The gradient in that case gives numbers around these values:

``````5-element Array{Float64,1}:
-65.83409982000504
-9.127450339548174
-14.703667317669348
-43.357436197191085
-137.76170920187263
``````

Thank you! Defining

``````#Add support for root function for Tracker and ForwardDiff
import Base: prevfloat, nextfloat
Base.prevfloat(d::ForwardDiff.Dual{T,V,N}) where {T,V,N} = ForwardDiff.Dual{T}(prevfloat(d.value), prevfloat.(d.partials)...)
Base.nextfloat(d::ForwardDiff.Dual{T,V,N}) where {T,V,N} = ForwardDiff.Dual{T}(nextfloat(d.value), nextfloat.(d.partials)...)
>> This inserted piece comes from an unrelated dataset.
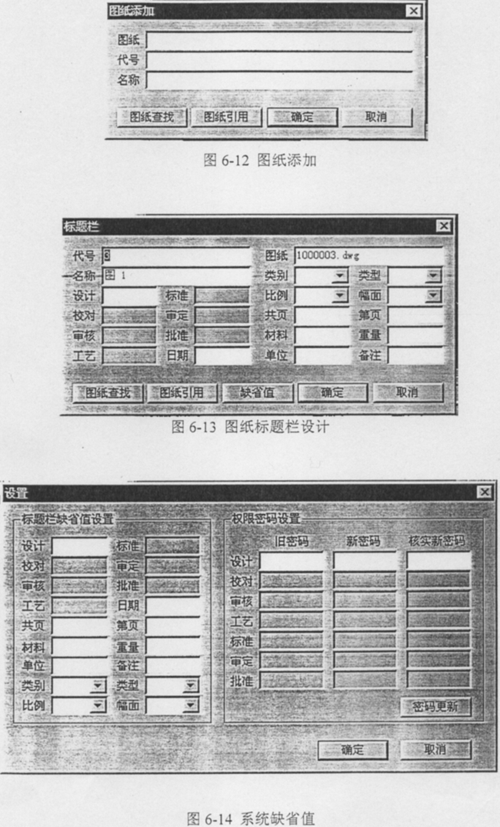 根據(jù)相應(yīng)項(xiàng)的密碼輸入,再選擇/添加/刪除產(chǎn)品,見圖6-10,進(jìn)行圖紙管理系統(tǒng)的主畫面(見圖6-11),進(jìn)而對(duì)產(chǎn)品選擇、圖紙進(jìn)行添加、刪除(圖6-12)及其編輯,明細(xì)表、標(biāo)題欄的設(shè)計(jì)(圖6-13)以及一些系統(tǒng)缺省值(圖6-14)的固定等等;
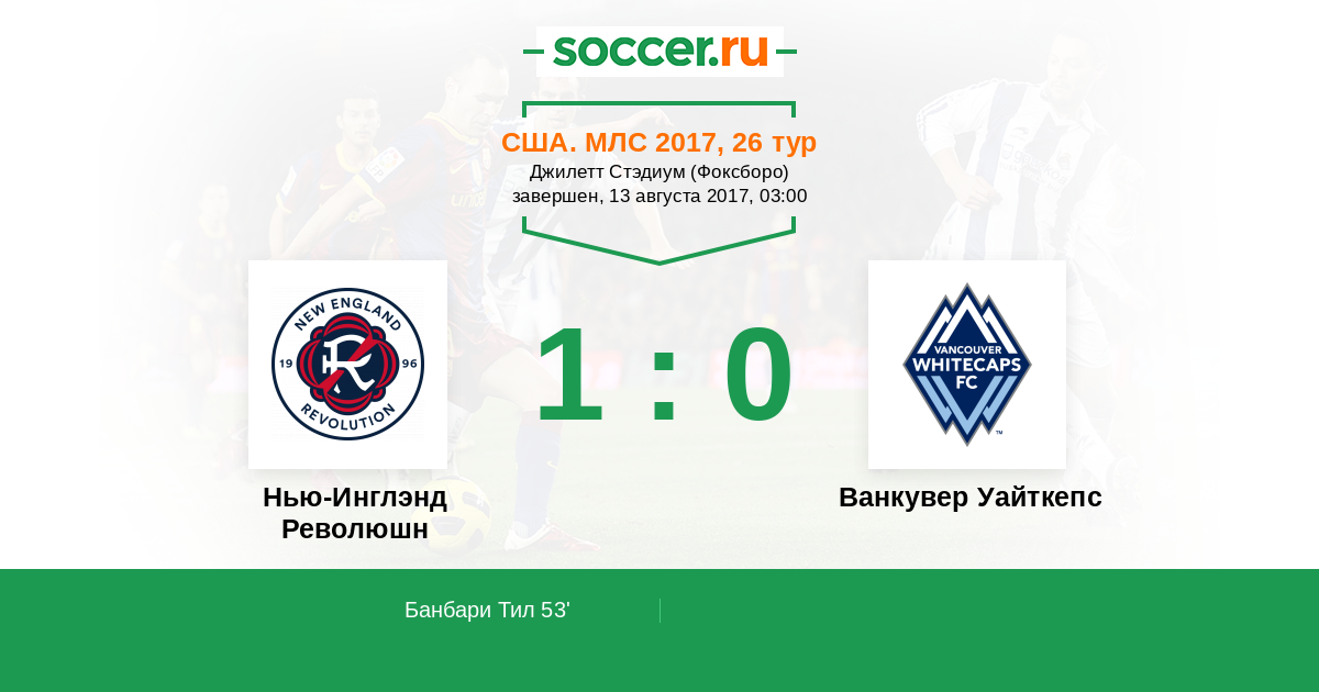 | Нью-Инглэнд Революшн | Ванкувер Уайткепс | |

Base.prevfloat(d::Tracker.TrackedReal) = prevfloat(d.data)
Base.nextfloat(d::Tracker.TrackedReal) = nextfloat(d.data)
``````

would make the code work for Tracker and ForwardDiff, but I think going forward your solution with a custom root solver might be preferable if this can easily be done.